What’s the difference between Silk Road and e-Bay?

George Washington University political science professor Henry Farrell recently wrote a piece titled “Dark Leviathan.” He states his case so well that I won’t try to paraphrase it. Instead, I’ll quote one of the opening paragraphs:

[Ross] Ulbricht built the Silk Road marketplace from nothing, pursuing both a political dream and his own self-interest. However, in making a market he found himself building a micro-state, with increasing levels of bureaucracy and rule‑enforcement and, eventually, the threat of violence against the most dangerous rule‑breakers. Trying to build Galt’s Gulch, he ended up reconstructing Hobbes’s Leviathan; he became the very thing he was trying to escape. But this should not have been a surprise.

It’s true that “this should not have been a surprise.” It’s the kind of thing you would expect in illegal markets.

Farrell tells how various unscrupulous actors took advantage of Silk Road’s structure to cheat others. Assuming he has his facts right, there’s nothing I object to in his account. He also nicely weaves various findings in game theory into his account.

You might be saying at this point, like Mona Lisa Vito in My Cousin Vinny, “So what’s your problem?”
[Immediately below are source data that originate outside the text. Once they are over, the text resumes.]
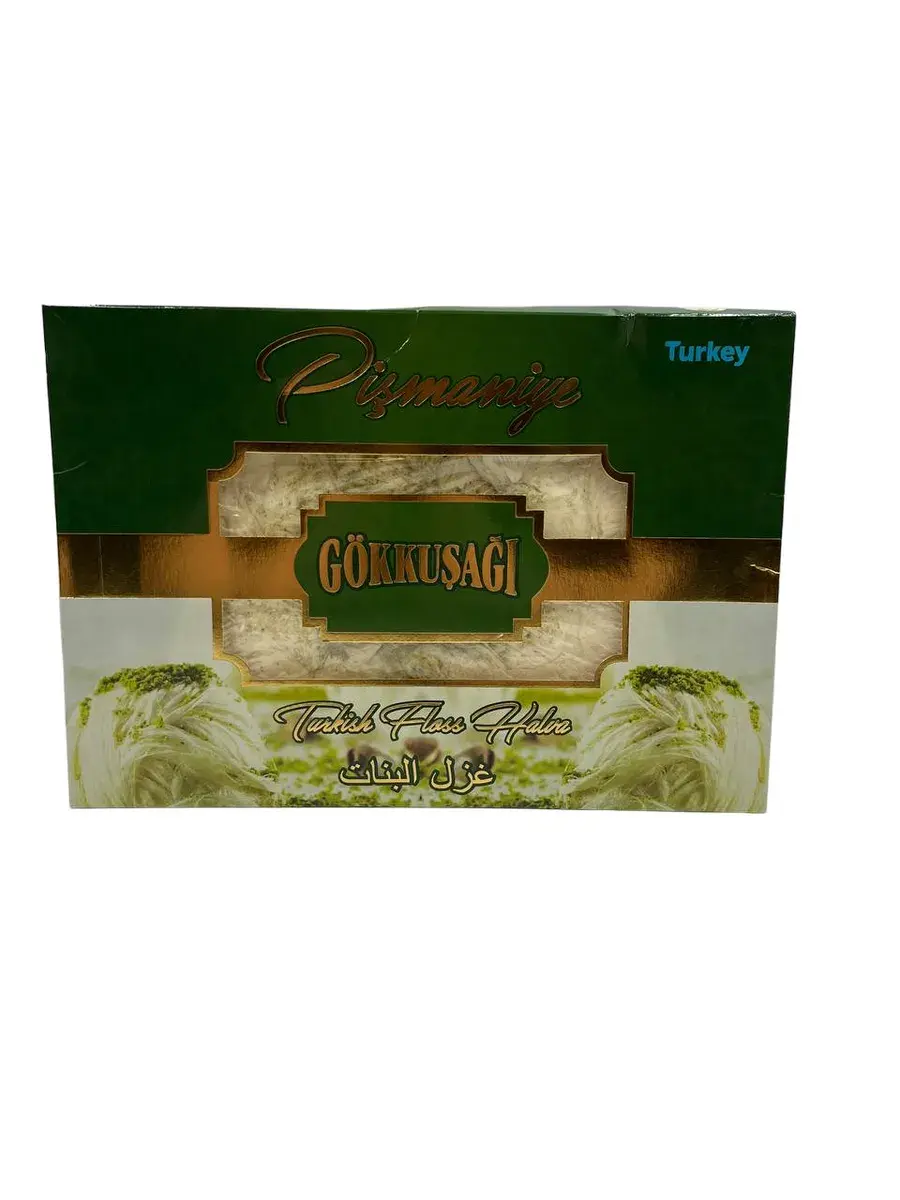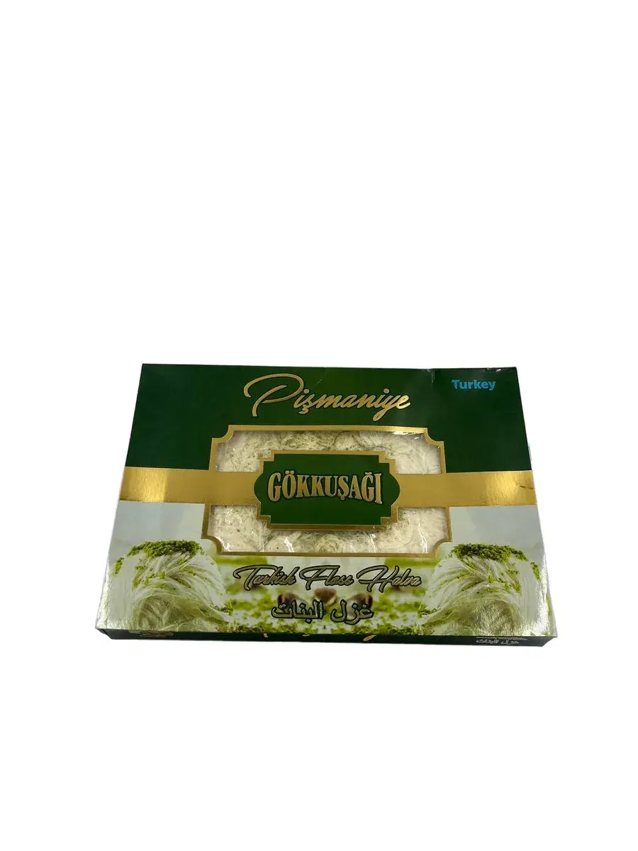 Пишмание -одна из самых знаменитых турецких сладостей, наряду с лукумом, пахлавой. Аналог такого лакомства -сахарная вата. Она известна во всем мире. Тонкая сладкая лапша буквально тает во рту и чем-то похожа на всем известную халву. Пишмание упакована в картонную коробку ( такую упаковку можно подарить близким , коллегам, друзьям).Этот десерт отличается необычным вкусом и сладостью. По своей воздушной консистенции пишмание напоминает любимую с детства сладкую вату. Однако в отличие от обычной сладкой ваты, пишмание делают из муки и сахара, формируя из ингредиентов тончайшие воздушные нити. Затем в продукт добавляют фисташки, которые придают ореховый вкус и аромат. Хлопковая халва является визитной карточкой Турции. Этот десерт мгновенно тает во рту, за что особо любим детьми. Данная халва разделена на небольшие порции для удобства.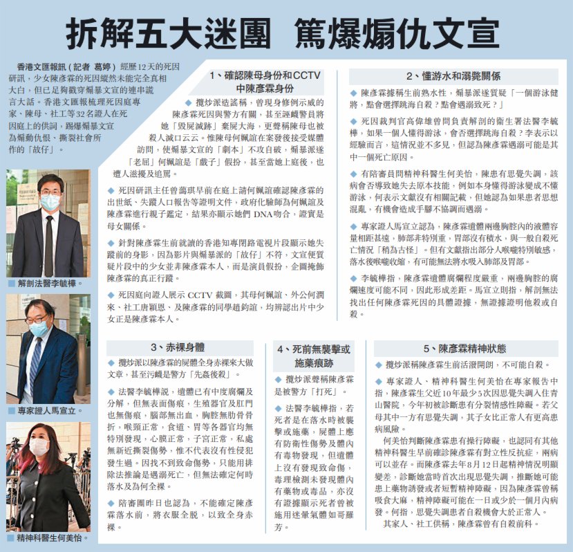 在這一基礎上,我們或許可以推測,陳彥霖的死因可能與其生活受挫遭遇情緒波折有關,但由於缺乏能直接證明其自殺的證據,出於法律上的嚴謹,陪審團亦未裁定她「死於自殺」,只能裁定她因精神紊亂或遇溺等因素而「死於意外」,或者因證據不足以推斷死因而裁定「存疑」。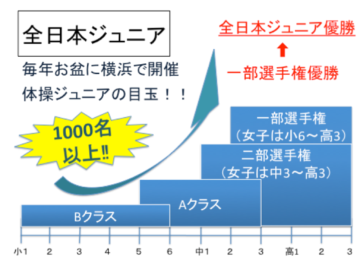 同大会は、1,000名を超える小中高校生の体操競技選手が出場する体操ジュニア日本最大の大会です。オリンピックを戦う現在の日本代表選手も例外なく全日本ジュニアを経験しています。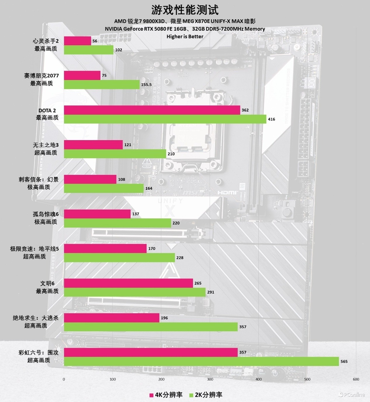下面是玩家最关心的游戏环节。我们分别在2K和4K画质下运行了多款3A巨制。依托微星MEG X870E UNIFY-X MAX 暗影主板坚若磐石的底座支撑,锐龙7 9800X3D搭配RTX 5080展现出了恐怖的统治力,全程帧数又高又稳。显然,如果你想组建一套征服4K游戏的顶级平台,微星主板在性能挖掘上的功力完全能满足你的期待。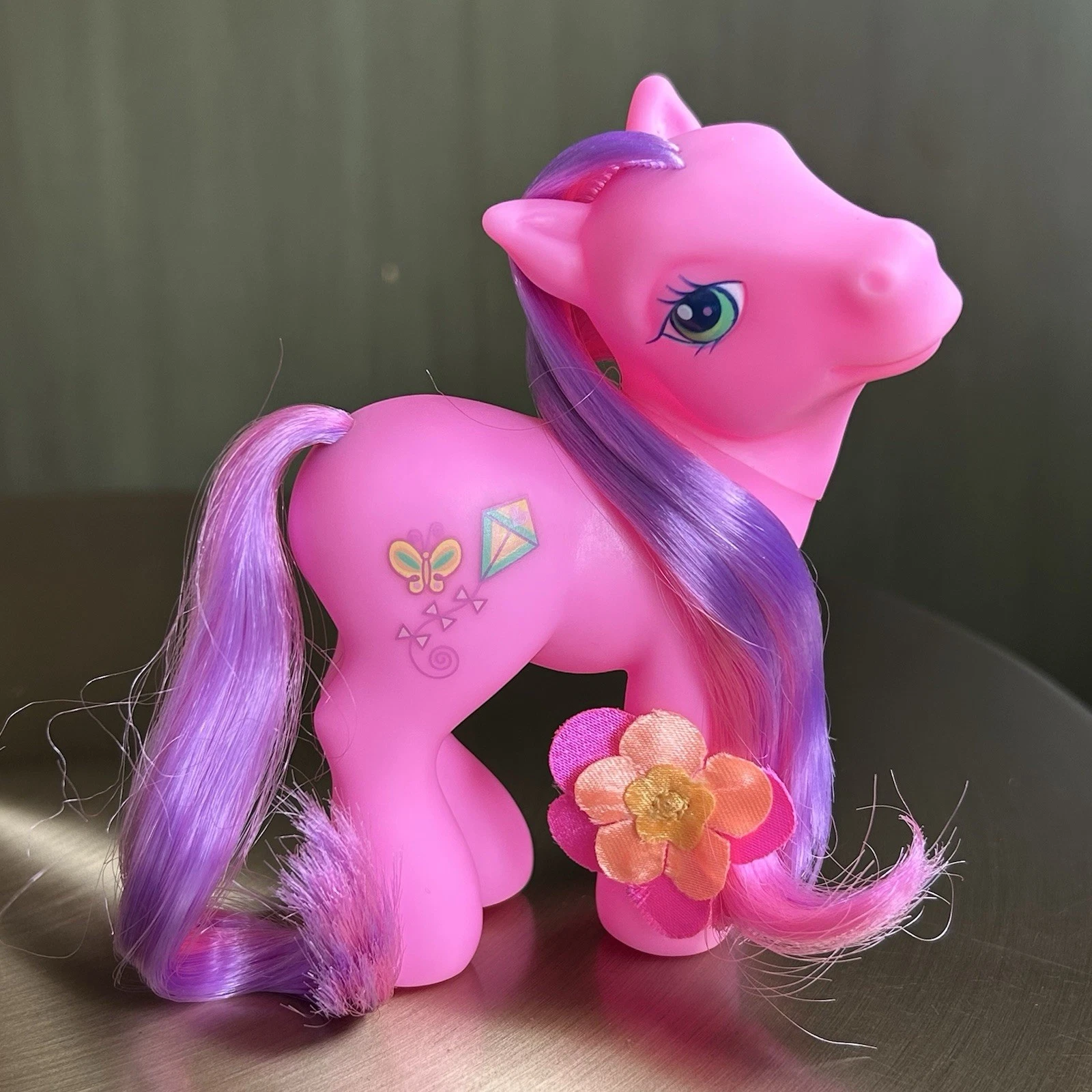 Her first release was in 2004 as a single in the Perfectly Pony series - this series combined G3s only existing gimmicks at the time - Tinsel hair and multicolored hair

My problem is Farrell’s conclusion, or, more exactly, the third line in the last paragraph of his conclusion. Here’s the last paragraph:

Ulbricht’s carelessness brought about the early demise of Silk Road. But if he hadn’t been stupid, the marketplace would have soon collapsed under its own weight, or become the creature of larger organisations with a far greater capacity for violence. The libertarian dream of free online drug markets that can magically and peacefully regulate themselves is just that: a dream. Playing at pirates is only fun as long as the other players are kids too. The trouble is, once adults with real swords appear, it may be too late to wake up.

You can’t have the “libertarian dream of free online drug markets” unless drug markets are, in fact, free. But, as Farrell well knows, they’re illegal. As I put it in my 1991 article “A Humane Economist’s Case for Drug Legalization” (UC Davis Law Review, Spring 1991, Vol. 24, No. 3, p. 664):

[D]rug laws make it difficult for drug producers and sellers to establish reputations for supplying high-quality, reliable drugs.

So Farrell’s whole discussion, while it is a well-needed (again, assuming his facts are true) tonic for people who think that online markets in illegal drugs won’t have big problems, tells us precisely nothing about how free markets would work. In short, “illegal” means “illegal.”